Dr. Umar Khan
Dr. Khan belongs to a Lahore based Think Tank.
6-3-26
Democracy’s
psychopathic propensity for violence and belligerence.
“I object to violence
because, when it appears to do good, the good is only temporary; the evil that
it causes is permanent.” Gandhi
Would like
to share a few historical facts.
World’s proudest and oldest continuous democracy,
Britain, invaded 171 countries out of 195.
In addition
it started hundreds of wars during its hegemonic days.
Britain is the
only country that invaded, conquered and burnt the capital of USA.
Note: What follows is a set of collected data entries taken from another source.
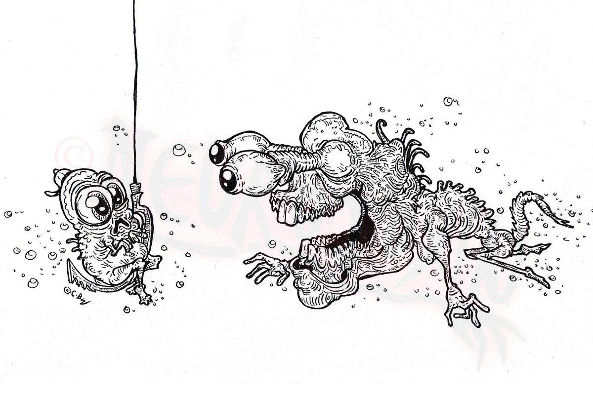 2 4 #Inktober day 3- "Bait" #Inktober2019 #Drawlloween #originalart #creature #bait #fishing #creepy #eyes #teeth #fantasyart #horrorart #characterdesign #monsters #aliens #artforsale #freelanceartist #traditionalart #illustration #penandin #rotherhamiswonderful #southyorksbiz 19/10/04 02:11
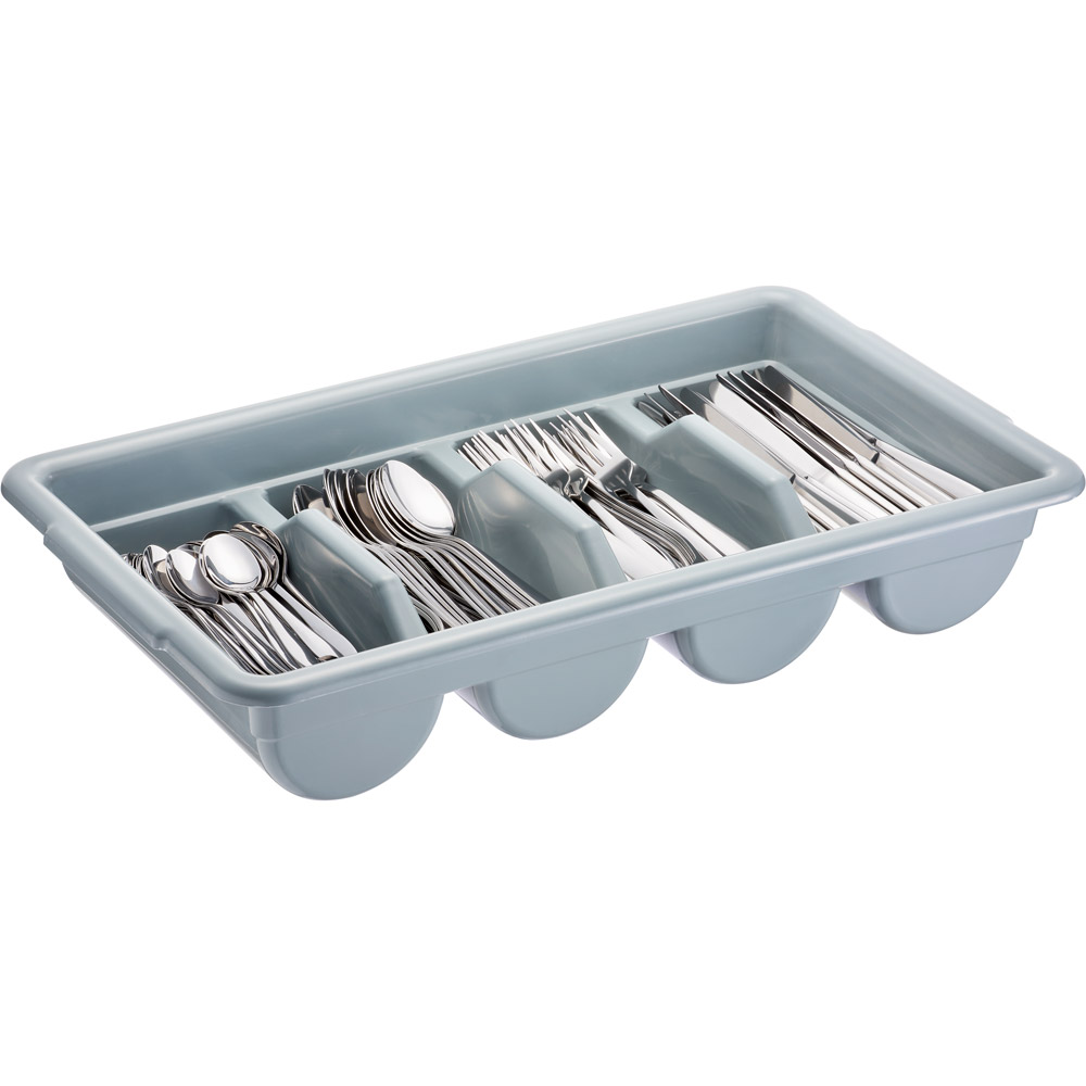 Unerlässliches Tool für die Bereithaltung und den Transport von Bestecken. In den vier tief gemuldeten Fächern mit mittig erhöhten Trennwänden lassen sich alle Hauptbestandteile e…
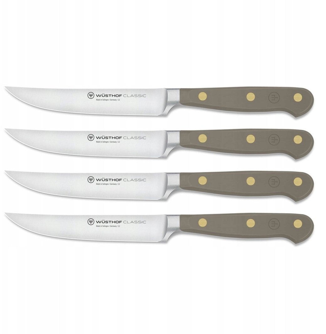 Zestaw noży stekowych Wüsthof Classic Colour to doskonałe połączenie stylu i funkcjonalności. Składający się z 4 noży o długości ostrza 12 cm, ten zestaw został stworzony z myślą o łatwym krojeniu różnorodnych rodzajów mięsa, od soczystych steków po delikatne piersi z kurczaka. Dzięki ponadczasowemu wzornictwu, noże te wprowadzają klasę do każdej kuchni.
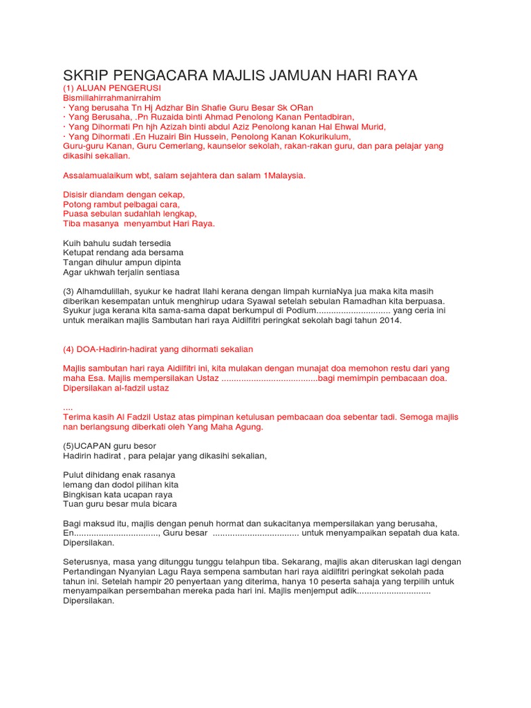 Doc Skrip Pengacara Majlis Jamuan Hari Raya Zaman Dullah Academia Edu

Interestingly few are aware of this historical fact.
These wars
were fought for,
·
Conquering and occupying other
nations to loot.
·
Punitive expeditions for
resisting occupation.
·
Pushing drugs through the power
of gun and bullet.
·
Caused hundreds of millions of
deaths through violence, drugs or famines.
US, another proud democracy has,
Started/participated
in 201 out of 248 conflicts worldwide during 1945-2001. That is 81% of all
armed conflicts.
Over 100
foreign interventions.
It’s the only
country that has dropped nuclear bombs on civil populations and has the
audacity to call it saving lives.
It got worse
after the demise of Soviet Union
US
started/participated in 251 conflicts after the end of the cold war.
Just wondering,
·
Is there
something inherently evil in the prevalent form of democracies making them
extremely violent and belligerent?
·
Can
there ever be peace in the presence of these labeled democracies?
·
Are
these democracies too easy to influence, control and coerce by the greedy tycoons?
·
Are the UK and US democracies in the first place? Or are these plutocracies?
These appear to be controlled by rent
seeking ruthless and unscrupulous billionaires ready to destroy the world for
their numerical gains?
·
Can
the world afford to stay indifferent to this threat to the existence of
humanity any longer?
·
Shouldn’t
we redefine and reform democracies freeing them from the filthy rich influence
peddling manipulators?
“Thou shalt not be a victim, thou shalt not be a perpetrator, but, above
all, thou shalt not be a bystander.”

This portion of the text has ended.